──────── Task material ────────

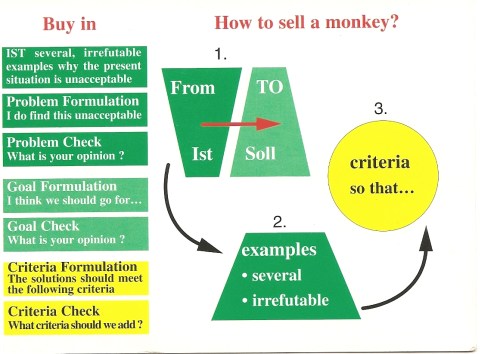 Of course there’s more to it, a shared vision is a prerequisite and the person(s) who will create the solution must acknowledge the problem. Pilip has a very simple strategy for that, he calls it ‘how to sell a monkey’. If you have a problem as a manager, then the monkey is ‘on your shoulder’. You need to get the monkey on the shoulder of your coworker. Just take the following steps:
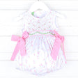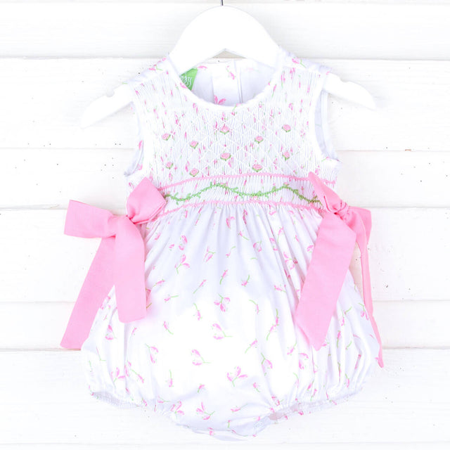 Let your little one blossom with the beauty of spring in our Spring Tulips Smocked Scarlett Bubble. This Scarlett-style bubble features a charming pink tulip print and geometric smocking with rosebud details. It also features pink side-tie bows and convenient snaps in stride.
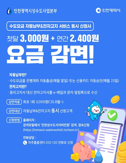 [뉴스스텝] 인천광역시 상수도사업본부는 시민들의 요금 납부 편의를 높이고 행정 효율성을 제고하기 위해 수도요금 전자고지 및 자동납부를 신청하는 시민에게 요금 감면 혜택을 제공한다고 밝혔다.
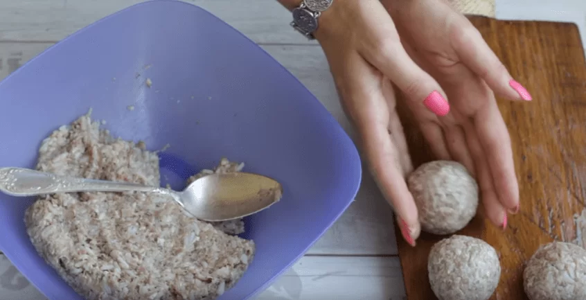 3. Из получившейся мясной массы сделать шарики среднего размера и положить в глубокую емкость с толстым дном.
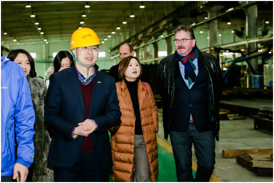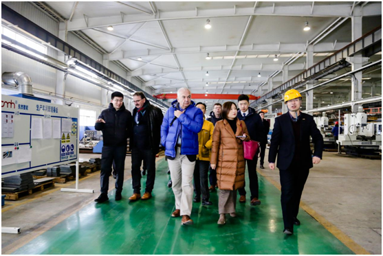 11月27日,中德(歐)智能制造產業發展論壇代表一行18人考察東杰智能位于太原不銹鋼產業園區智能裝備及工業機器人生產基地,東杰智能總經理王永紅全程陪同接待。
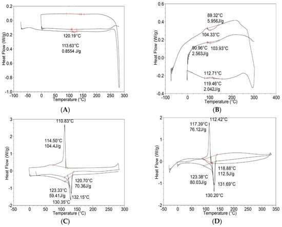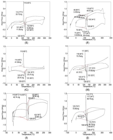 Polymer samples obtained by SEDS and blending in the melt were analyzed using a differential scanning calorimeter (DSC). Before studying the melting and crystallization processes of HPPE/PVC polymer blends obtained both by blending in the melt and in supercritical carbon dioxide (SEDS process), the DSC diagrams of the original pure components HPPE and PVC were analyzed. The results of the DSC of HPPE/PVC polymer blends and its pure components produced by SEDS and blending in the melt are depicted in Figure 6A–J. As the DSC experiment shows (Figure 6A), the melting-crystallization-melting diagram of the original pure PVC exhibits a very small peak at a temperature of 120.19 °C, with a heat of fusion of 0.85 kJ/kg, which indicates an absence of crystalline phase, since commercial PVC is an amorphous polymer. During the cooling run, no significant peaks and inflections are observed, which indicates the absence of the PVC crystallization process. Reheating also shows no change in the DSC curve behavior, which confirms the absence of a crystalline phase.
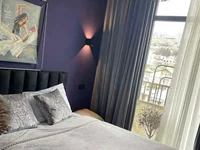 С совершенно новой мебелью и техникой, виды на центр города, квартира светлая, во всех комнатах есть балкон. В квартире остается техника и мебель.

────────

> [Directions for this task]: Every line above should be printed again word for word, without its pictures.

> [Your response]:
 Of course there’s more to it, a shared vision is a prerequisite and the person(s) who will create the solution must acknowledge the problem. Pilip has a very simple strategy for that, he calls it ‘how to sell a monkey’. If you have a problem as a manager, then the monkey is ‘on your shoulder’. You need to get the monkey on the shoulder of your coworker. Just take the following steps:
 Let your little one blossom with the beauty of spring in our Spring Tulips Smocked Scarlett Bubble. This Scarlett-style bubble features a charming pink tulip print and geometric smocking with rosebud details. It also features pink side-tie bows and convenient snaps in stride.
 [뉴스스텝] 인천광역시 상수도사업본부는 시민들의 요금 납부 편의를 높이고 행정 효율성을 제고하기 위해 수도요금 전자고지 및 자동납부를 신청하는 시민에게 요금 감면 혜택을 제공한다고 밝혔다.
 3. Из получившейся мясной массы сделать шарики среднего размера и положить в глубокую емкость с толстым дном.
 11月27日,中德(歐)智能制造產業發展論壇代表一行18人考察東杰智能位于太原不銹鋼產業園區智能裝備及工業機器人生產基地,東杰智能總經理王永紅全程陪同接待。
 Polymer samples obtained by SEDS and blending in the melt were analyzed using a differential scanning calorimeter (DSC). Before studying the melting and crystallization processes of HPPE/PVC polymer blends obtained both by blending in the melt and in supercritical carbon dioxide (SEDS process), the DSC diagrams of the original pure components HPPE and PVC were analyzed. The results of the DSC of HPPE/PVC polymer blends and its pure components produced by SEDS and blending in the melt are depicted in Figure 6A–J. As the DSC experiment shows (Figure 6A), the melting-crystallization-melting diagram of the original pure PVC exhibits a very small peak at a temperature of 120.19 °C, with a heat of fusion of 0.85 kJ/kg, which indicates an absence of crystalline phase, since commercial PVC is an amorphous polymer. During the cooling run, no significant peaks and inflections are observed, which indicates the absence of the PVC crystallization process. Reheating also shows no change in the DSC curve behavior, which confirms the absence of a crystalline phase.
 С совершенно новой мебелью и техникой, виды на центр города, квартира светлая, во всех комнатах есть балкон. В квартире остается техника и мебель.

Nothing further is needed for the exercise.